Warfighters have used offensive engagements to improve their planning and execution for centuries. Military planners “red team” battle plans with dedicated teams designed to emulate the adversary’s capabilities and behaviors. After World War II, Admiral Chester Nimitz famously stated, “The war with Japan had been enacted in the game rooms at the War College by so many people and in so many different ways that nothing that happened during the war was a surprise—absolutely nothing except the kamikaze tactics toward the end of the war. We had not visualized these.”
In our infosec universe, penetration testing or “pen testing” has been around in various forms for decades. When I was at Microsoft, I started the first internal offensive testing program that targeted Windows NT 5 (which became Windows 2000). Microsoft, like most product companies, then focused on “functional testing”—verifying that features work as specified. It did not formally consider overtly hostile attacks until after the Melissa and Love Bug mass mailers of the early 2000s. I called my program “malicious testing” to differentiate it from benign “functional testing” and to highlight the critical difference in mindset.

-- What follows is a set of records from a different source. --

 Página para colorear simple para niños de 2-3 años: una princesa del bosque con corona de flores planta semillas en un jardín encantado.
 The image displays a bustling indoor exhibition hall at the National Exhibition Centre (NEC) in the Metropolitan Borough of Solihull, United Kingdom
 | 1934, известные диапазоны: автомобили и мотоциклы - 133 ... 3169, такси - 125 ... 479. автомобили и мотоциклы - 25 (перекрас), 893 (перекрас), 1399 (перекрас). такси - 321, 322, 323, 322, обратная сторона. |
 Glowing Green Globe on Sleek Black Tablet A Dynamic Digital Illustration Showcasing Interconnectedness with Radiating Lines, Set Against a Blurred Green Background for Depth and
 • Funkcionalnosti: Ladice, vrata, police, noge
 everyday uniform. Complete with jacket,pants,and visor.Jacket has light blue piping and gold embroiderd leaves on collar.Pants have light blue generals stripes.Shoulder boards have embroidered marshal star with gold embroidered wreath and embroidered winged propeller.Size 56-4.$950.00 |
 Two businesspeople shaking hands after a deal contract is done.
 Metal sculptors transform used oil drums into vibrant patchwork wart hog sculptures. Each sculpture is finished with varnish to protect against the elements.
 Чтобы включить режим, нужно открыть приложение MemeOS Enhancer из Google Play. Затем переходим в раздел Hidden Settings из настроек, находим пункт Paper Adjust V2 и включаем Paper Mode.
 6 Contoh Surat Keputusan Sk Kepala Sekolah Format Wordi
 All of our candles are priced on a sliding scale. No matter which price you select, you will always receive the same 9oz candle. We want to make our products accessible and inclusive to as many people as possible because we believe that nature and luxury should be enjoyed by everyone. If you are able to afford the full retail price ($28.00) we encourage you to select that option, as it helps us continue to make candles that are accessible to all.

What I saw at Microsoft still largely holds true today: defenders don’t understand attackers. The “defenders” I interacted with in 1996 were young developers trying to get their cool new features to work and checked into the nightly builds. They weren’t thinking about security, and they weren’t specifically trained in attacker techniques. Similarly, today, the average enterprise IT department is consumed with daily firefighting and doesn’t understand how attackers abuse its systems.

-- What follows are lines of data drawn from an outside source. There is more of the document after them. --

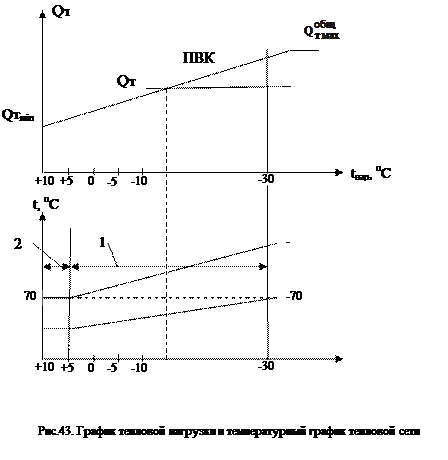 В схеме подогрева воды устанавливается пиковый водогрейный котёл. Подогреть воду в соответствии с необходимым температурным графиком можно и без ПВК. Это казалось бы выгодным, т.к. отпуск теплоты потребителям осуществлялся бы полностью из отборов. Из-за очень неравномерного графика тепловой нагрузки (зимой – максимальная, летом – минимальная) отборы Т1 и Т2 будут максимально загружены лишь в самую холодную пятидневку года, остальное время года они будут разгружены и эффективность работы ТЭЦ будет низкой, т. к. будет низка выработка электроэнергии на базе теплофикации. Большую часть года турбина будет работать с превалированием конденсационной выработки электрической энергии. Для увеличения эффективности выработки электрической энергии рассчитывают так, что теплом из отборов закрывается базовая часть тепловой нагрузки, а пиковая часть закрывается пиковым водогрейным котлом. То есть с 5оС нагрузка с отборов и ПСВ достигает номинала и держится такой длительный отопительный период (196 дней). При отпуске теплоты только из ПСВ недогружена не только турбина, но и энергетические котлы.
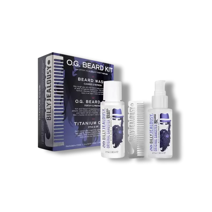 Billy Jealousy Original Gangster Beard Kit contains three amazing products to keep your beard in the best shape. The Hydrating Beard Wash will keep your beard clean and healthy. The Beard Oil will nourish and hydrate your beard without making it greasy.
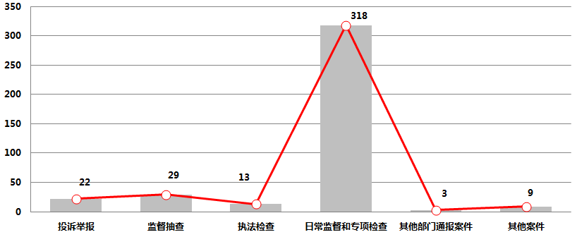 图5-3-1 2017年全省J9九游会娱乐案件来源分布图 三、J9九游会娱乐日常监管情况(一)J9九游会娱乐生产日常监管情况2017年,全省各级食品药品监管机构检查J9九游会娱乐生产企业539家次,其中生产一类J9九游会娱乐产品的生产企业175家次,其中未通过检查10家,未通过率5.7%;生产二类J9九游会娱乐产品的生产企业293家次,其中未通过检查7家,未通过率2.4%;生产三类J9九游会娱乐产品的生产企业104家次,其中未通过检查7家,未通过率6.7%;检查国家重点监管企业64家次,省重点监管企业104家次。全面检查高风险企业,含无菌J9九游会娱乐的生产企业82家,其中未通过检查9家,未通过率11%;含植入性J9九游会娱乐的生产企业12家,未通过检查1家,未通过率8.3%;第三类J9九游会娱乐的生产企业67家,未通过检查4家,未通过率6%。存在违法违规的生产企业25家次,完成整改的生产企业55家次,移交稽查部门的生产企业5家次。 (二)J9九游会娱乐经营、使用日常监管情况2017年,全省各级食品药品监管机构检查经营企业、使用单位家次36575家次,其中经营企业16482家次,使用单位20093家次。省级及以下组织J9九游会娱乐经营企业飞行检查489家次。存在违规行为的企业或单位1730家次,其中经营企业891家次,使用单位839家次。完成整改的企业或单位2297家次,其中经营企业1399家次,使用单位898家次。移交稽查部门立案查处285家,其中经营企业92家,使用单位193家,移交卫生部门处理的单位29家。 四、J9九游会娱乐投诉举报情况2017年,全省共受理J9九游会娱乐投诉举报303件,占投诉举报总量(食品、保健食品、药品、J9九游会娱乐、化妆品)的1.4%。立案23件,结案24件。 附表 附表1 食品经营许可情况
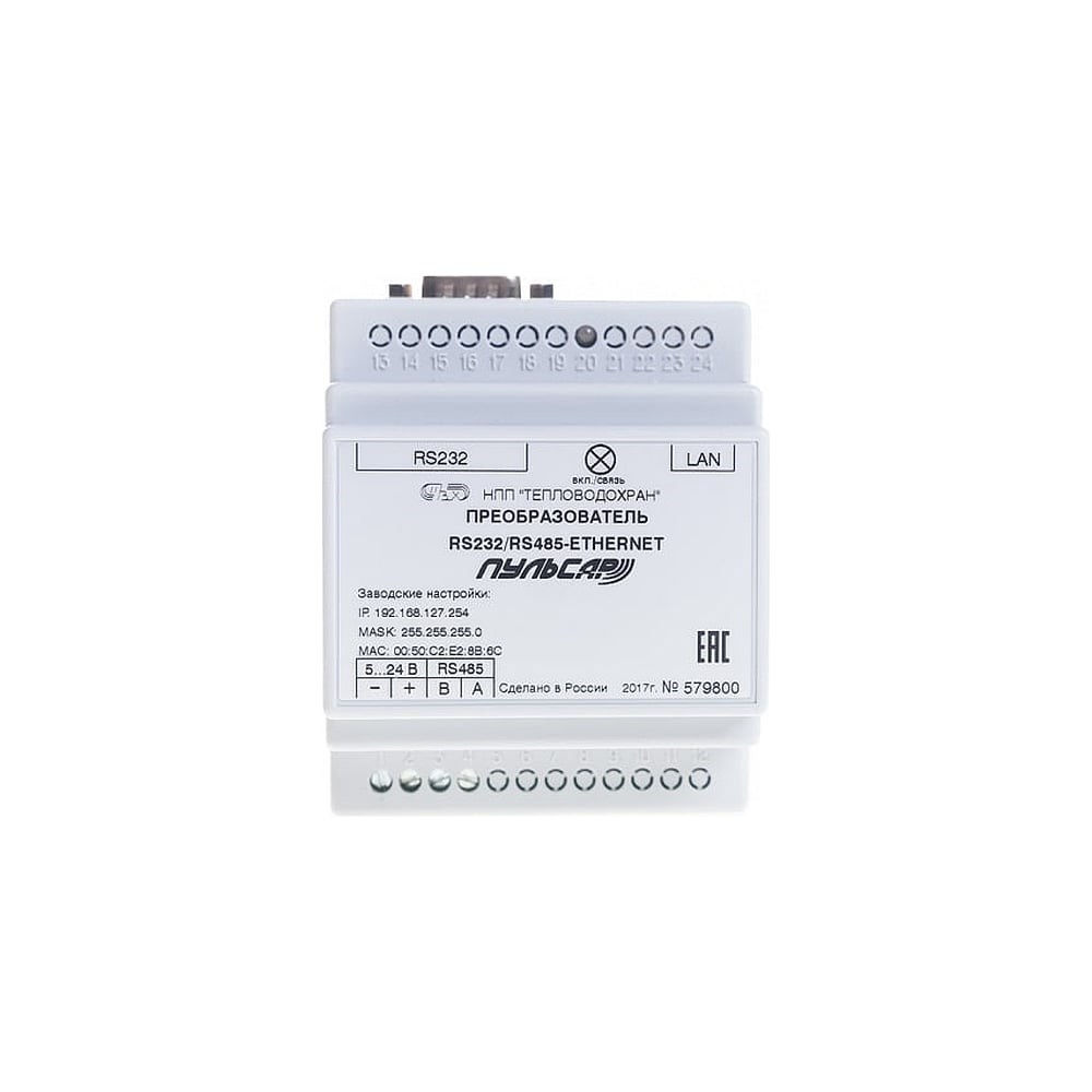 Преобразователь RS232/RS485-Ethernet ПУЛЬСАР 1 порт RS 485; 1 порт RS 232 Н00002738 предназначен для организации удаленных каналов связи с приборами, имеющими RS-232 и(или) RS-485 интерфейсы посредством локальных вычислительных сетей (ЛВС) Ethernet. Прибор может быть использован в системах автоматического сбора данных и управления различным промышленным оборудованием.

Today, when a classic “pen test” is performed, it almost always proves that similar, difficult-to-detect attacker techniques continue to work time after time. Without timely detection, attackers have unlimited time to breach defenses, and they will always be successful. Tightly scoped, short-term penetration testing engagements don’t present a realistic test of defensive people, processes, and technologies, and often don’t result in improvement, as evidenced by the fact that the same attacker techniques tend to work over and over.
Today’s classic “pen tests” do not result in an improved defense. They are activities without progress. Admiral Nimitz learned from the valuable red team exercises at the War College that activities made them better and directly contributed to the outcome of the conflict. However, classic “pen tests” aren’t making us better as infosec defenders.
Offensive Exercise Maturity Model
There are several stages enterprises go through with respect to offensive testing; most enterprises are stuck in Type I and Type II engagements that provide limited value. The maximum security value comes from Type III and Type IV engagements.
I want to encourage all defenders to increase the utility of offensive engagements in 2020. Think about how to create progress and improvement from these activities. Don’t settle for classic “pen tests” that generate the same result over and over. Don’t accept a “pen testers always win” defeatist attitude—gain confidence in and tighten your detection timelines. Like Admiral Nimitz, use offensive engagements to understand the playing field before you find yourself in a firefight.